It is now nearly 1 ½ years ago that I returned from the temple.
When people asked me how it was and what I learned, I always answer: “It was a paradox. I learned things that I wouldn’t have expected to learn and I learned things that I did even NOT expect.”
How much the time in the temple changed me and how much I truly learned about myself is still showing every day. When I came to the Mountain I just came from a project which taught me a lot about communication and in which my comrades and I were striving to connect human beings. When I came to the temple I was confronted with myself and my limitations which I had covered up with a lovely blanket which served me well and I was proud of. To turn inwards and to truly become free was what I had learned again, and it took me weeks to even get to the point of understanding.
When someone asks me about the temple and if it is possible to go, directly after saying yes, I say: “ Beware Li Shifu is a person that gives you what you need and not what you want.”
I found myself so many times craving the attention of the master, trying to make him look at how great I already am. How foolish to make my self-love dependent on another person in the first place.

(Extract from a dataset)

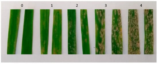 The level of infection of the tested cultivars was determined ten days after infection with the isolates using the modified Mains scale [30], where 0 = no visible symptoms; 1 = very resistant, single colonies; 2 = intermediate resistance, moderate mycelium sporulating; 3 = moderately susceptible, extensive mycelium, more sporulation; and 4 = highly susceptible, large colonies, and abundant sporulation (Figure 1). To confirm the response of the tested cultivars to the used B. graminis f. sp avenae isolates, all tests were performed in three replications. In the cases when the genotype response to the applied isolate in the replications was different, as a result, the highest score was taken.

Seeing other students talk to Shifu and having deep conversations or asking profound questions made me want to do the same. But there was nothing. Nothing that I wanted to ask, nothing I had to discuss. The more times passed, the more I let go.
One of the most important things for me to say about the temple and my time there, is that I never felt judged or looked down upon by Li Shifu. Whether he was in a hurry or somewhat mad at the students or anything else he did, I always felt accepted and loved. Where in the first weeks I doubted and questioned methods, I became calm and began to see that everything is done, serves a purpose. Who am I to question the purpose or even the method of a person who has achieved so much.
Although I came to practice Martial Arts and learn to move my body in a way that connects me with the universe, I learned much much more about myself.
I am truly grateful for having had the opportunity to stay in the temple and around Li Shifu, whose presence, in my opinion, is a paradox in itself. A person that can seem harsh and at the same time extremely gentle. A true master who does not care what you want and is open-hearted to what you truly need.